What?!? Um, actually, branch prediction just keeps the chip's pipeline full. Branch prediction doesn't magically adapt the P4 to process data better, it simply allows the P4 to keep pipelineing instructions after a conditional branch. When a prediction is wrong, it must be backed out, which is expensive... but most of the time the prediction is good. (For example, a loop that does something 1000 times will have a conditional branch that will branch the same way 1000 times in a row, and then branch the other way the 1001th time. The prediction would be wrong that 1001th time, but would be correct for most of the other 1000.)
especially those that are optimised for P4 use.
It is hardly surprising that a P4 would do better than an Athlon at running P4-optimized code. However, this isn't a useless point, because Intel is the 800-pound gorilla and there are games optimized for the P4, and none for Athlons.
But AMD isn't about innovation, they are about making money plain and simple.
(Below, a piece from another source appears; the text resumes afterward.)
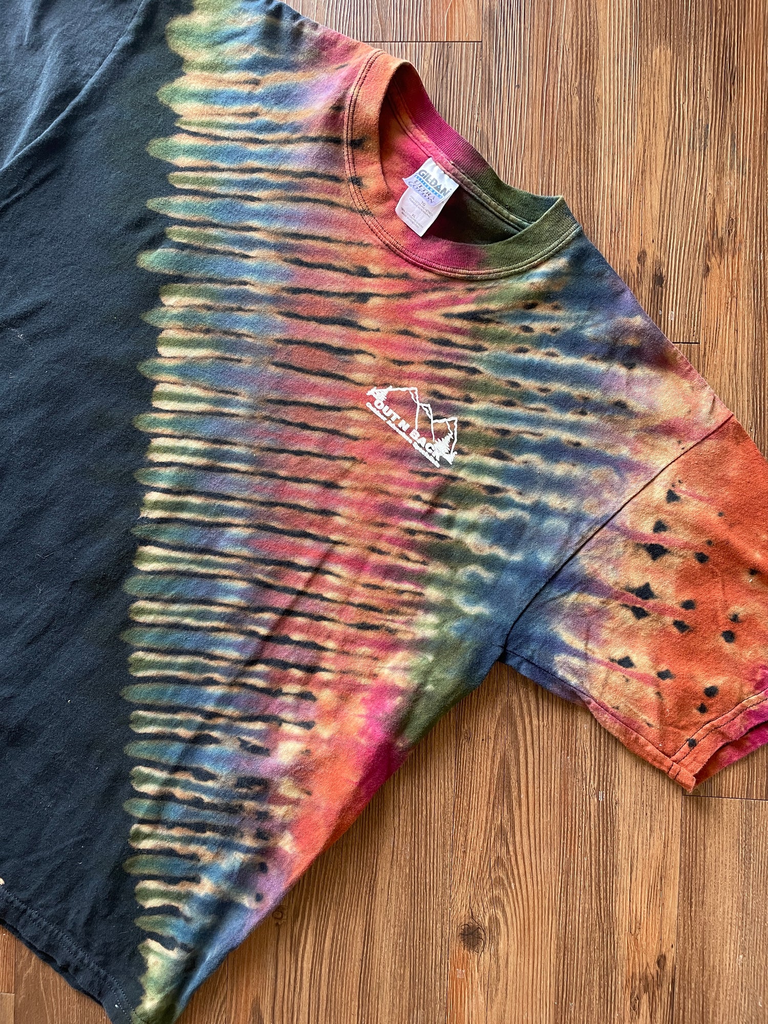 XL Men’s Out n Back Outdoor Adventure Specialists Handmade Tie Dye T-Shirt | Warm Tones Earth Tones Pleated Bleach Dye Short Sleeve

Instead of making engines that try to predict the next move, they just built their processors with the very minimum everything, strapped on a few extra math units and away we go. This technique is very fast, but it's also expensive as most AMD users have learned, because all those extra adders do is add a LOT of ambient heat as the processor clocks up.
Actually, if you check the Thermal Design Power specs for equivalent-peforming AMD and Intel chips, the AMD chips run cooler.
So the P4 was for the mainstream user, to help spare some time from the physics boundry of the processor technology, and to improve on the things we do most on our computers today (music, videos, games).
Pure revisionist history. The P4 was designed for super high clock rates. They ripped too much stuff out of the design, so the P4 has some bad weaknesses it didn't need to have. That's why it's so critical to optimize code specifically for the P4 -- if you don't work around the flaws in the P4, it really hurts.
The Athlon, while it gets more work done per clock than the P4, isn't perfect. Its biggest problem is that it is physically very easy to destroy: you can fry it, or you can even crack its die trying to install a heat sink. The P4 with its heat spreader is much tougher, and with its built-in thermal throttling is more robust. AMD has learned its lesson, though, and the Opteron is robust.
Intel has aggressively marketed the P4 as The Multimedia Chip, but really an Athlon or a P4 will do well for multimedia stuff. The Opteron, for some specific kinds of tasks, will crush either one, and for other kinds of tasks will be slightly faster. I'm just guessing -- I haven't run benchmarks -- but I suspect that the Opteron will do very well on chess.
steveha
lf(1): it's like ls(1) but sorts filenames by extension, tersely
If you look at SPECint2000, you will find an integer benchmark called 'crafty'. This is a chess simulator with code sequences that are probably similar to what this guy used.
Intel D875PBZ motherboard (3.0 GHz, Pentium 4 processor with HT Technology) scores 1137
ASUS A7N8X Motherboard rev. 2.0, AMD Athlon (TM) XP 3200+ scores 1324
You'll find that P6 derivaties (Banias, Athlon, Opteron etc...) do better on this benchmark. There are lots of unpredictable conditional branches in this application, so the incidence of mispredictions is higher than normal. You would think that this is the main contributer to poor P4 performance, but actually that is a second order effect, because the predictor on the P4 is far better than on other machines. It's the fact that the code will not fit inside the trace cache, but will fit nicely within Athlon's 64KB I-Cache.
That the software doesn't (seem) to exist to use a cluster instead.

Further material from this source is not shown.